# This Hits Close to Home - Loomis, CA



## skitorski (Dec 4, 2012)

Prayers for this person please. It could have been anyone of us. Damn.

Rocklin cyclist hit on Horseshoe Bar Road still critical, but improving | The Loomis News



> “Riding is his passion,” Yambot said.
> 
> He said Abaco was training to participate in the July Tour of the California Alps - Death Ride race, which encompasses 129 miles, 15,000 feet of elevation gain and includes cycling and climbing mountain peaks.
> 
> ...


----------



## skitorski (Dec 4, 2012)

I drove this route today in my car. No shoulder. Nothing, zip. The school is right up the road and moms/cars speed down this narrow road making it a death trap. I recall zipping this curvy road at 10+ over posted speed in my car before I started cycling. I never felt comfortable riding here, so I didn't. I never imagined getting destroyed on my bike, I guess I simply felt vulnerable but invincible. On this road a cyclist completely at the mercy of traffic.


----------



## anotherbrian (Mar 2, 2006)

During the school year, I drive those roads daily to get my kid to school. Except between the freeway and a little past the T-intersection near Laird/Brace, Horseshoe Bar Rd has a reasonably good shoulder.

I won't ride Horseshoe Bar though, as well as avoiding all of Laird and all of Brace.
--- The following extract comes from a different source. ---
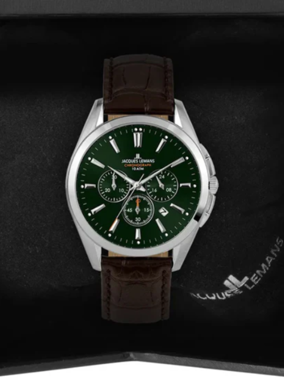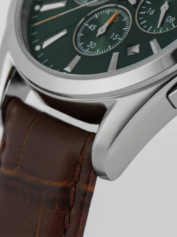 Leowol Boss Watch—rich brown leather straps paired with a striking green dial. A perfect blend of bold elegance and timeless design, crafted for those who lead with confidence. Elevate your everyday style with refined luxury and lasting comfort.
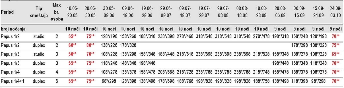 Vila Papus se nalazi u novom delu Sartija na 60m od obale. Iako starijeg datuma, kuća je privlačna kako zbog cene tako i zbog prostranih duplexa. Nalaze se u visokom prizemlju i na prvom spratu i imaju dve spavaće sobe, odvojenu kuhinju i predsoblje iz kog se ulazi u sve prostorije. Studiji su na 2. spratu. Sve smestajne jedinice imaju SAT TV, WIFI i klima uređaj čije se korišćenje doplaćuje.

People fly on all of those roads (me included), and it just takes one person (misjudge closing speed with you, misjudge closing speed with an oncoming car, etc.) to end it all. There are plenty of alternative roads (King, Brennans, Rock Springs) that don't get nearly as much or as fast traffic and I'll stick to those.


----------



## slitespd (Nov 2, 2004)

As a rider of that section of Horseshoe Bar, I don't understand how a driver could not have seen Fernando other than being inattentive. The curve that proceeds it and then the ones a 1/2 mile down the road leading up to Val Verde are far more of a concern to me than being in the straights. My heart goes out to this rider. 
Everyone ride safe and stay as visible as possible, all the while knowing that many non-cycling drivers have little understanding of what we face.


----------



## jjcools (Jun 28, 2011)

Very sad...


----------



## Local Hero (Jul 8, 2010)

Yikes.


----------



## skitorski (Dec 4, 2012)

*Prayers Answered !!!*

Yes !!

Cyclist recovering from Horseshoe Bar Road accident | The Loomis News

The Hopspital offered to pull the plug on life support !!!

View attachment 283651


----------



## Todd_Pearce (Oct 15, 2012)

We used to ride Horseshoe Bar until we heard about this accident, we have not ridden it since and most likely will not ride it again. Very sad.


----------